### EXERCISE AIM
When you reach the line containing "Airy and sculptural, the", begin reproducing the material exactly, stop after the line containing "วันที่ 7 เมษายน", and leave out any pictures along the way.

### DATA UNDER STUDY
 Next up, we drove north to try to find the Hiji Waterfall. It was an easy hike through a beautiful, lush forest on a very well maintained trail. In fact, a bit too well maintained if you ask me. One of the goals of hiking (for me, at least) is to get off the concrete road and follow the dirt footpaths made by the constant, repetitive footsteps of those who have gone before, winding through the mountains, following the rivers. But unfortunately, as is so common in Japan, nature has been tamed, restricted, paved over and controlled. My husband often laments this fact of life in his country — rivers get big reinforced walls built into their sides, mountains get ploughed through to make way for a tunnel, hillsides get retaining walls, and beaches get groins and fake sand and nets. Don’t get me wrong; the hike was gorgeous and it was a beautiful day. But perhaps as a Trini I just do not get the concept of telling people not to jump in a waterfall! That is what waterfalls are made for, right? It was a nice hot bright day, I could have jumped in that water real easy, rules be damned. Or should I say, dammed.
* * *
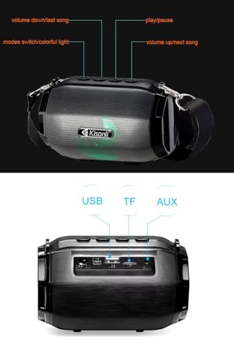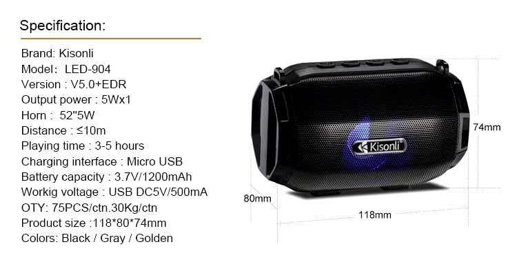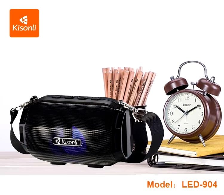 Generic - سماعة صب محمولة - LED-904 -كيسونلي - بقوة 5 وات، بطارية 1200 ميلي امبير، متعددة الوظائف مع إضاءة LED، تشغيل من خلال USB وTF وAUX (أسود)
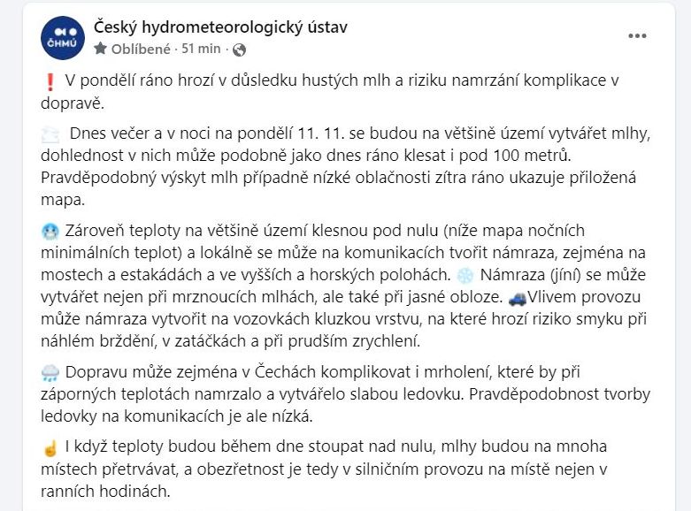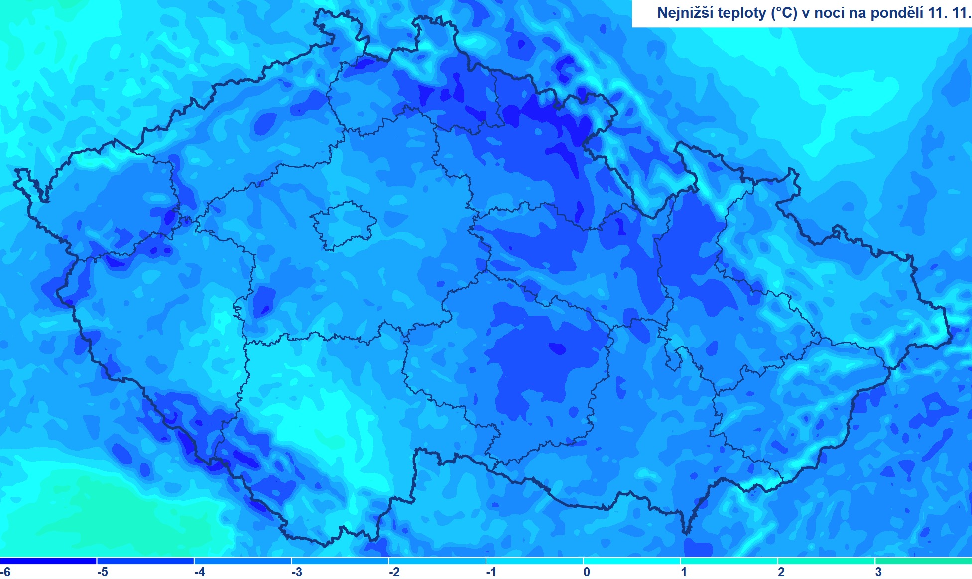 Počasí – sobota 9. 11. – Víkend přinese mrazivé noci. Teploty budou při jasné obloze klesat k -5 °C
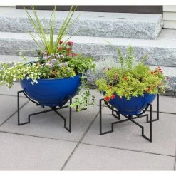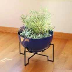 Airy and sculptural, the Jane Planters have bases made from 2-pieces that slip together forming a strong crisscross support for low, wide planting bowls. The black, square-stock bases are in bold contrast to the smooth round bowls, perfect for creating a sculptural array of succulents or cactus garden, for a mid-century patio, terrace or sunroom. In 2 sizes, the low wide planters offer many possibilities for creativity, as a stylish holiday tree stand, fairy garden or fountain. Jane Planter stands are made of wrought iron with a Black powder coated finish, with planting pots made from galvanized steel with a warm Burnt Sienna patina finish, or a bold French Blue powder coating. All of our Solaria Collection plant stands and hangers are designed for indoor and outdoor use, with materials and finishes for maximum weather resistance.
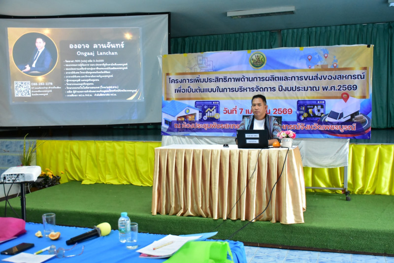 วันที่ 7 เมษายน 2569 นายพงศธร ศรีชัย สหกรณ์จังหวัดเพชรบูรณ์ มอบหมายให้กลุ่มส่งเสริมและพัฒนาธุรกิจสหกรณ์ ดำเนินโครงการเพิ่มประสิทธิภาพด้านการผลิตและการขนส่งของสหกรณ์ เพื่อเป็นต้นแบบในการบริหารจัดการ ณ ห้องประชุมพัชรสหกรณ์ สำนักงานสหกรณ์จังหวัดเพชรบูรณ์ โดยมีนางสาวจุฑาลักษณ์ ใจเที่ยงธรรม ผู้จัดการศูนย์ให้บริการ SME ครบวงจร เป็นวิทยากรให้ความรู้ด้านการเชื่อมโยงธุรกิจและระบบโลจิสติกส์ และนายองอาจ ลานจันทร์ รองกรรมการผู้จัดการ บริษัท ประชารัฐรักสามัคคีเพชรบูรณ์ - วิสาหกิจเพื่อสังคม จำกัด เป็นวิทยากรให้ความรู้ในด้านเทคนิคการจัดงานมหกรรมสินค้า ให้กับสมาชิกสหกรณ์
==
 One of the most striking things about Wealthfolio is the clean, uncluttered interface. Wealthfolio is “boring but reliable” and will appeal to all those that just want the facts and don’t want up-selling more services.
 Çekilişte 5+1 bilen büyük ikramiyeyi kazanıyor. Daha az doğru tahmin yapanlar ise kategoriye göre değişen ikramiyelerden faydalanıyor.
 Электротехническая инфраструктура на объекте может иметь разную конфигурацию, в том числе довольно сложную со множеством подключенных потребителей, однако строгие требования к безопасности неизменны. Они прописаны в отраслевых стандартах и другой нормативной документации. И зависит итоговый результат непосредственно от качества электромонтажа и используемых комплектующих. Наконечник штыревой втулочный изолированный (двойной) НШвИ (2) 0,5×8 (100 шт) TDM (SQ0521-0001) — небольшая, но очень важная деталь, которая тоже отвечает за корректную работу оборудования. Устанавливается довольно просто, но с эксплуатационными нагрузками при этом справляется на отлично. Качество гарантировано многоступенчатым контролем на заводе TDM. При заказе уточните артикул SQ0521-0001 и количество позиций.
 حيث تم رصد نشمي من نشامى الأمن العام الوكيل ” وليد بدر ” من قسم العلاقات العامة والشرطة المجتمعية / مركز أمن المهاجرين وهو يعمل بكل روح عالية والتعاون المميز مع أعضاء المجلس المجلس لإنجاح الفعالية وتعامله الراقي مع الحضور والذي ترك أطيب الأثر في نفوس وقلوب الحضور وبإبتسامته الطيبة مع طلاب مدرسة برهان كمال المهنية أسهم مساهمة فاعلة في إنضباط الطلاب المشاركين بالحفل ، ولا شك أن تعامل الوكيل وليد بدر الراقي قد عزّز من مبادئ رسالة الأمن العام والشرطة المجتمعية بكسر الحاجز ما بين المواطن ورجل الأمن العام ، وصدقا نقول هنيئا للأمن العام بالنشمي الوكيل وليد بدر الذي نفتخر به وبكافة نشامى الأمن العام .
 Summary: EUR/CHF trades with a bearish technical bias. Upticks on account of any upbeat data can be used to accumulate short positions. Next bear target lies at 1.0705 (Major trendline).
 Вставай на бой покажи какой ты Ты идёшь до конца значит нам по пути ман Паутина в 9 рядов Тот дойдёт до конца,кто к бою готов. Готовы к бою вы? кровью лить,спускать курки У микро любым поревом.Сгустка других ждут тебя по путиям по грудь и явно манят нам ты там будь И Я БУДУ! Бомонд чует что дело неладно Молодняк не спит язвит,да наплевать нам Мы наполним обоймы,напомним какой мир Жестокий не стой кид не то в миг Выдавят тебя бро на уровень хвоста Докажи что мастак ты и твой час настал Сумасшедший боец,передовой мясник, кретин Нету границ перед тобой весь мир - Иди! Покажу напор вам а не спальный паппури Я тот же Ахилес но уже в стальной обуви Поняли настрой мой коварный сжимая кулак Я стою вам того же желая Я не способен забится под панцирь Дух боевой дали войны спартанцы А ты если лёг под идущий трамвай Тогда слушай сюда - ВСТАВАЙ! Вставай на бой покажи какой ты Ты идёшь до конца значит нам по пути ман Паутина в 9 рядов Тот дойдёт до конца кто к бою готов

### SOLUTION FOR THIS PROBLEM
 Airy and sculptural, the Jane Planters have bases made from 2-pieces that slip together forming a strong crisscross support for low, wide planting bowls. The black, square-stock bases are in bold contrast to the smooth round bowls, perfect for creating a sculptural array of succulents or cactus garden, for a mid-century patio, terrace or sunroom. In 2 sizes, the low wide planters offer many possibilities for creativity, as a stylish holiday tree stand, fairy garden or fountain. Jane Planter stands are made of wrought iron with a Black powder coated finish, with planting pots made from galvanized steel with a warm Burnt Sienna patina finish, or a bold French Blue powder coating. All of our Solaria Collection plant stands and hangers are designed for indoor and outdoor use, with materials and finishes for maximum weather resistance.
 วันที่ 7 เมษายน 2569 นายพงศธร ศรีชัย สหกรณ์จังหวัดเพชรบูรณ์ มอบหมายให้กลุ่มส่งเสริมและพัฒนาธุรกิจสหกรณ์ ดำเนินโครงการเพิ่มประสิทธิภาพด้านการผลิตและการขนส่งของสหกรณ์ เพื่อเป็นต้นแบบในการบริหารจัดการ ณ ห้องประชุมพัชรสหกรณ์ สำนักงานสหกรณ์จังหวัดเพชรบูรณ์ โดยมีนางสาวจุฑาลักษณ์ ใจเที่ยงธรรม ผู้จัดการศูนย์ให้บริการ SME ครบวงจร เป็นวิทยากรให้ความรู้ด้านการเชื่อมโยงธุรกิจและระบบโลจิสติกส์ และนายองอาจ ลานจันทร์ รองกรรมการผู้จัดการ บริษัท ประชารัฐรักสามัคคีเพชรบูรณ์ - วิสาหกิจเพื่อสังคม จำกัด เป็นวิทยากรให้ความรู้ในด้านเทคนิคการจัดงานมหกรรมสินค้า ให้กับสมาชิกสหกรณ์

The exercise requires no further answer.